To design a “campaign” (the marketing term for each newsletter or discrete email broadcast), Mail Chimp enables drag-and-drop layout for images and blocks of text and has a built-in photo editor to crop and resize images. All templates are optimized for mobile delivery, and you can test an email before sending it to see what it will look like. An automatic link checker also makes it easy to verify that the URLs are correct.
Paid features add another level of control. For example, the Delivery Doctor add-on can be used to troubleshoot spam-blocked emails by systematically testing each element of the message, from subject line to images to individual words within the main body copy.
Melony Trementozzi, marketing coordinator for Hatfield Builders & Remodelers, outside of Dallas, has been using Mail Chimp for about 18 months. It’s her go-to app for the company’s monthly newsletter, and it also works well for the occasional promotional email campaign around a design award or other special event.
Trementozzi uses the Web version on a desktop for layout because the bigger screen makes it easier to add images and cut and paste pieces of copy.
“But for analytics and tracking, the phone is perfect,” Trementozzi says. “I can’t guess at the overall time savings, but having analytics that are easy to read and close at hand is really convenient.”

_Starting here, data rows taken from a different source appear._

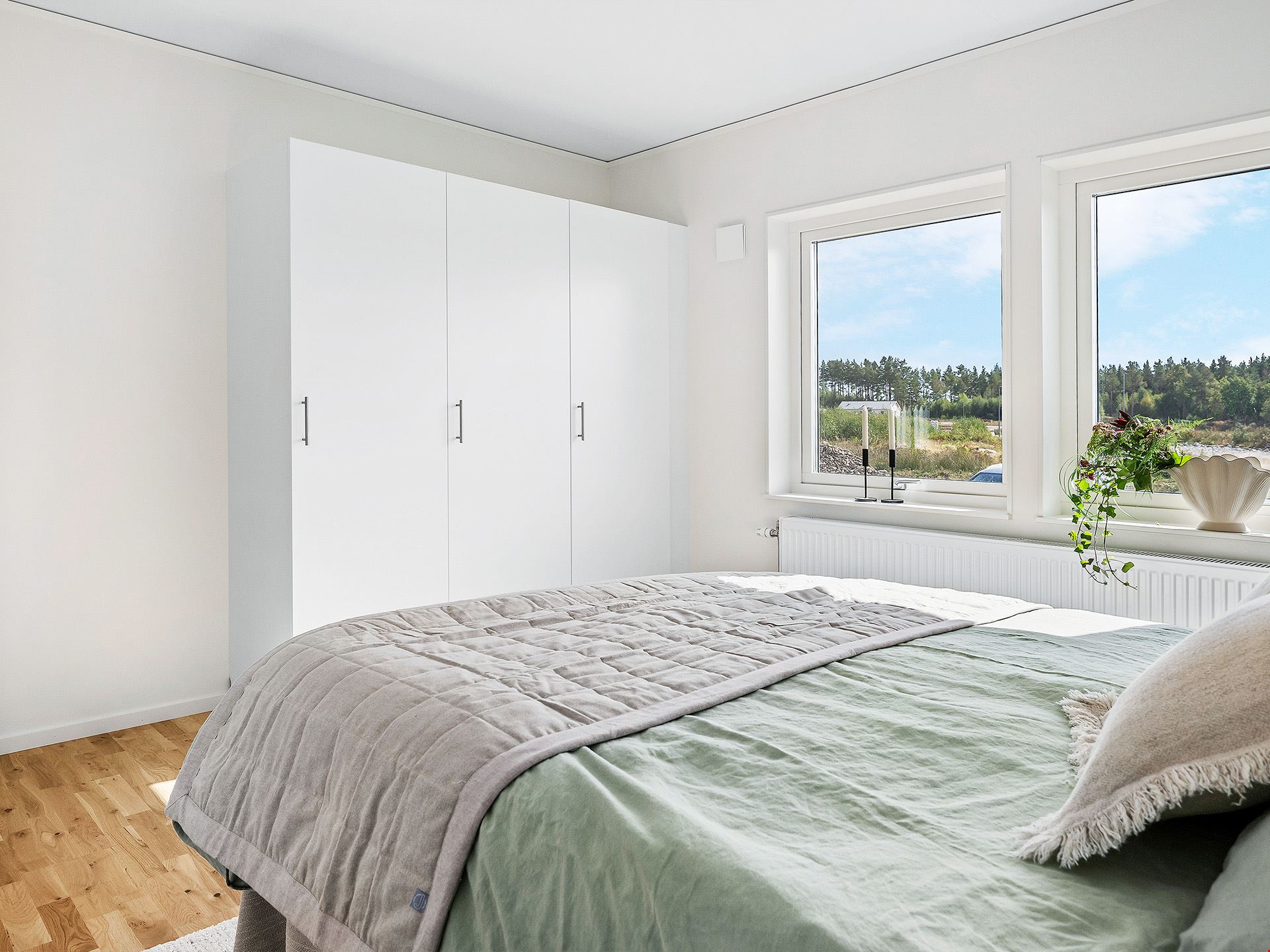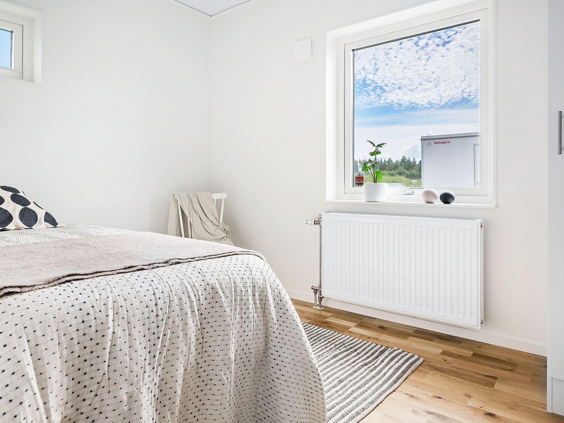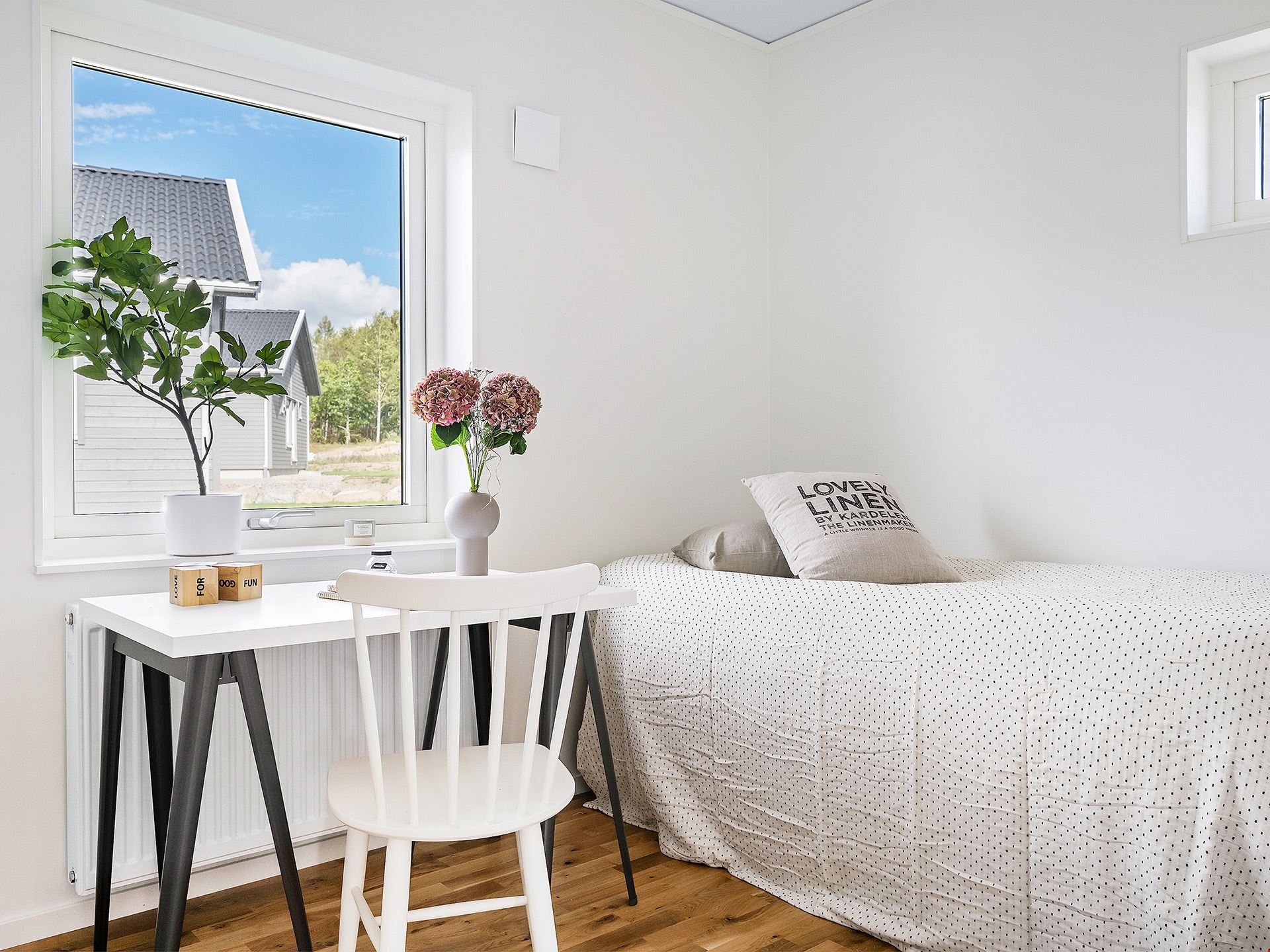 Om vi istället tar till vänster i entrén passerar vi husets större badrum med WC och dusch och kommer sedan in i husets barnavdelning. Här finns tre mysiga sovrum och ett allrum som passar lika bra som lekrum när barnen är små som för kompishäng för de lite större. Som sagt, det här är ett riktigt familjehus med ytterst välplanerade kvadratmetrar.
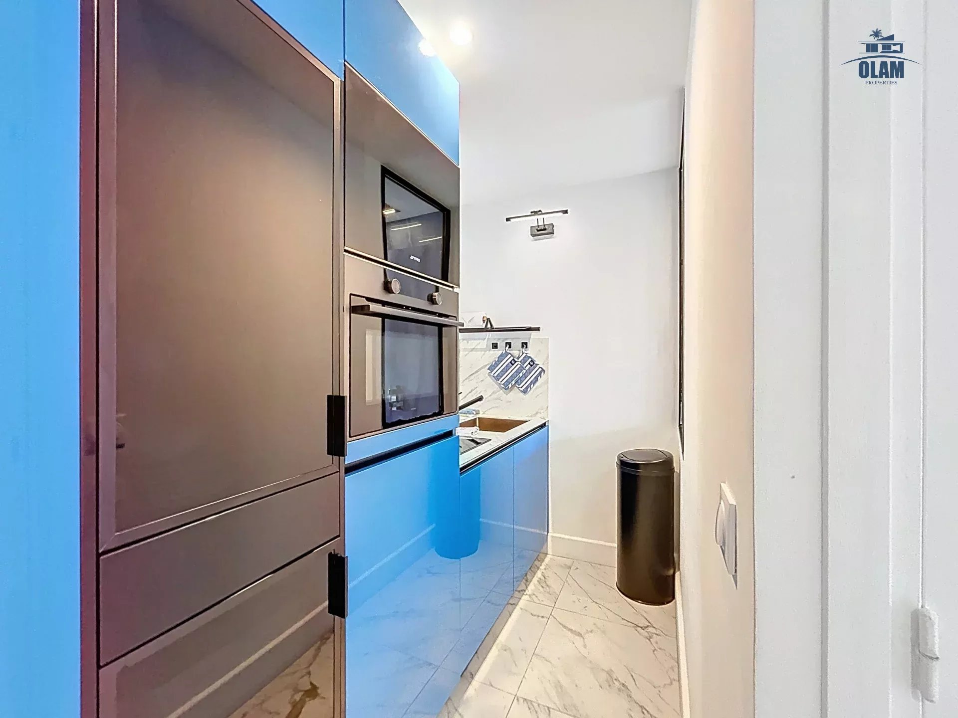 Dès l’entrée, vous serez séduit par une décoration soignée aux nuances de bleu, évoquant la mer Méditerranée toute proche. Le salon lumineux, doté d’un canapé confortable et d’une télévision à écran plat, invite à la détente après une journée ensoleillée. La cuisine, entièrement équipée avec des appareils modernes, offre un espace convivial pour préparer vos repas.
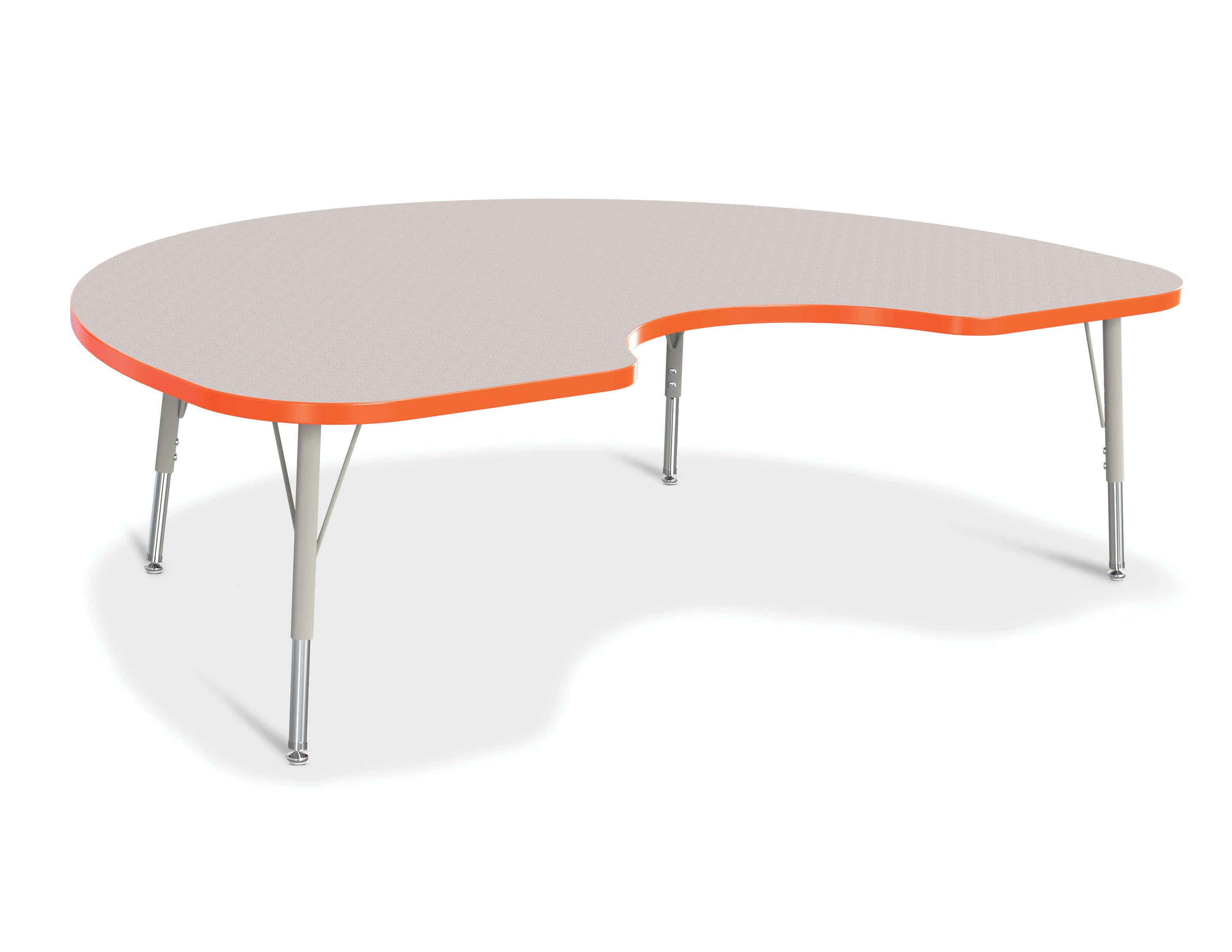 Educators can easily interact with individual children without disturbing others with Kidney Tables. Accommodates up to 8 chairs. The legs feature glides that reduce noise, prevent snags, and resist rust. Freckled gray laminate tabletop with orange TRUEdge and gray legs.KYDZSafe edges. KYDZStrong construction. TRUEdge. Choose from multiple tabletop and TRUEdge color combinations. Thermally Fused Laminate tabletops 1-1/8â thick. Quick mount legs with minimal assembly. Legs adjust in one-inch increments with the extra-safe dual-screw leg adjustability system. Helpful Hint: Most children require elementary size tables tiny tables typically fit children just 1 to 2 years old. Adjusts from 15" to 24" high. See cleaning recommendations at www.jonti-craft.com/cleaning.Product Height (inches):15-24Product Width (inches):72Product Depth (inches: 48
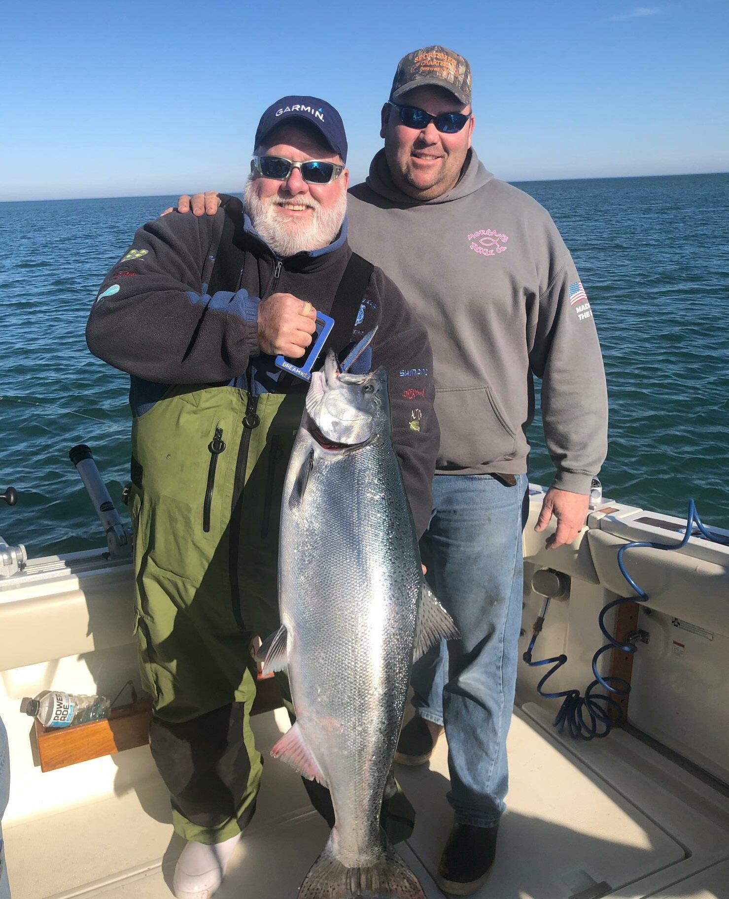 During the month of August, GreenStone Farm Credit Services hosted a Facebook contest titled “Hooked On The Outdoors” where any commenter had the chance to win a charter fishing trip for themselves and a guest with the Michigan Out-of-Doors TV crew. With great excitement, a slew of hopeful participants shared their favorite summer memories exploring the great outdoors. Justin Gekiere of Richmond, MI shared a photo of his boat out on the water and was randomly selected as the one lucky winner! The night before the charter trip, GreenStone Financial Services Officer Stevan Stoutenburg met up with Justin and his father Lou for dinner. After taking some time to connect, Stevan soon realized that Justin was an army veteran and served in Afghanistan at the same time as him. We continue to be amazed by the ways the outdoors brings people together! The next morning the crew set out on their voyage upon the “Silver Addiction” with captain Mark Williams at the helm. It was a cool and choppy morning on the water, but the fish were biting! Justin, the honoree, reeled in the largest salmon of the day with seven salmon being caught by the group. Thank you once again to Michigan Out-ofDoors TV for partnering to provide this opportunity!
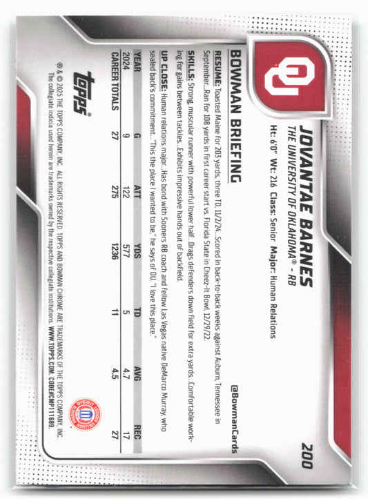 This is a nice example of a 2025 Bowman University Chrome #200 Jovantae Barnes Other important information about this card:In 2025 Jovantae Barnes played for the Oklahoma Sooners.Please check out...
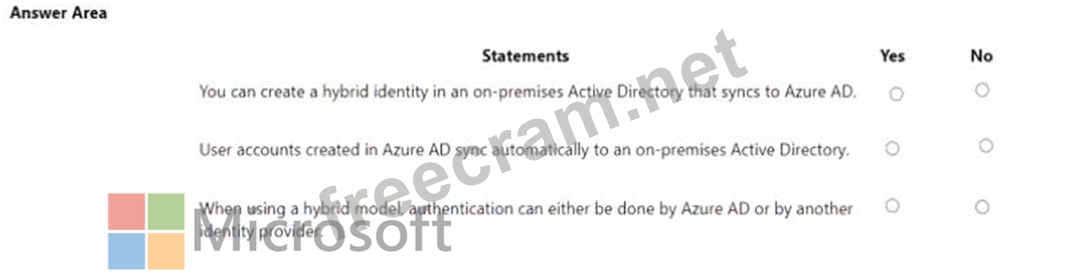 Question 35: In a hybrid identity model, what can you use to sync identit...
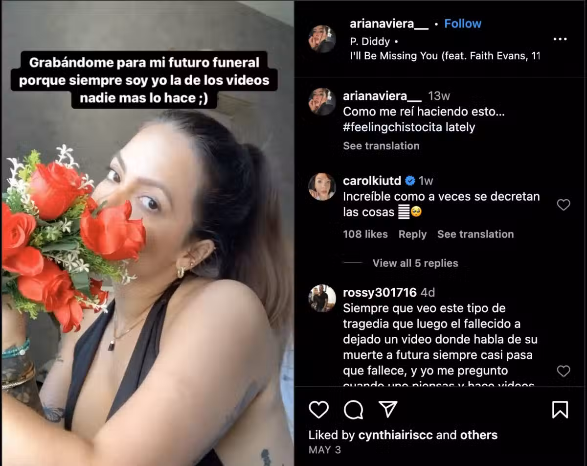 ▲亞莉安娜(Ariana Viera)曾在IG上傳,為自己葬禮拍攝的影片。(翻攝自arianaviera__ IG)
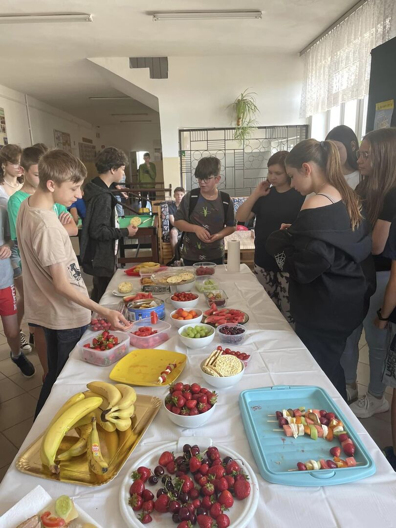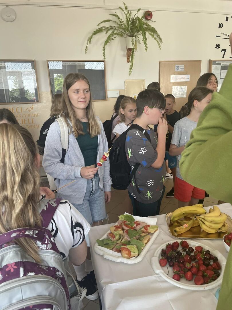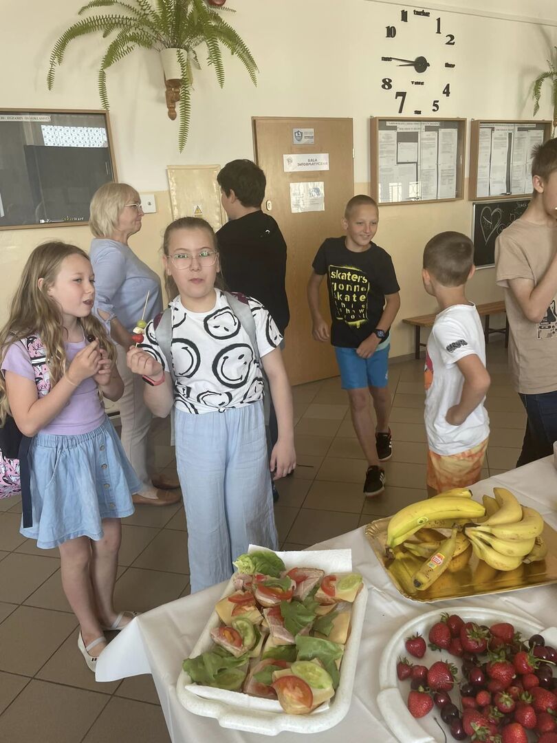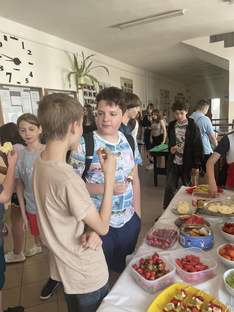 Jak mija Dzień Zdrowej Przekąski w naszej szkole w tak słoneczne przedpołudnie? Dziś stawiamy na owoce, warzywa, zdrowe tortille i kanapki. Są też zbożowe ciasteczka.Uczniowie i rodzice stanęli na wysokości zadania- przygotowali mnóstwo kolorowych i pysznych przekąsek. Przygotowane zostały też materiały dla uczniów o zdrowym stylu życia i o tym, na co należy uważać kupując produkty żywnościowe. (M.Leszczyńska-Leończuk)

She also likes the way that Mail Chimp handles unsubscribes and duplicate names.
Trementozzi uses the free version and has yet to tap into all of its capabilities. It’s easy at the entry level, she says, “but you can get into it as deeply as you want to. For the remodeling industry, it really works.”
Free up to 2,000 subscribers, no contract required; $10 to $250/month, based on volume between 2,001 to 50,000 subscribers.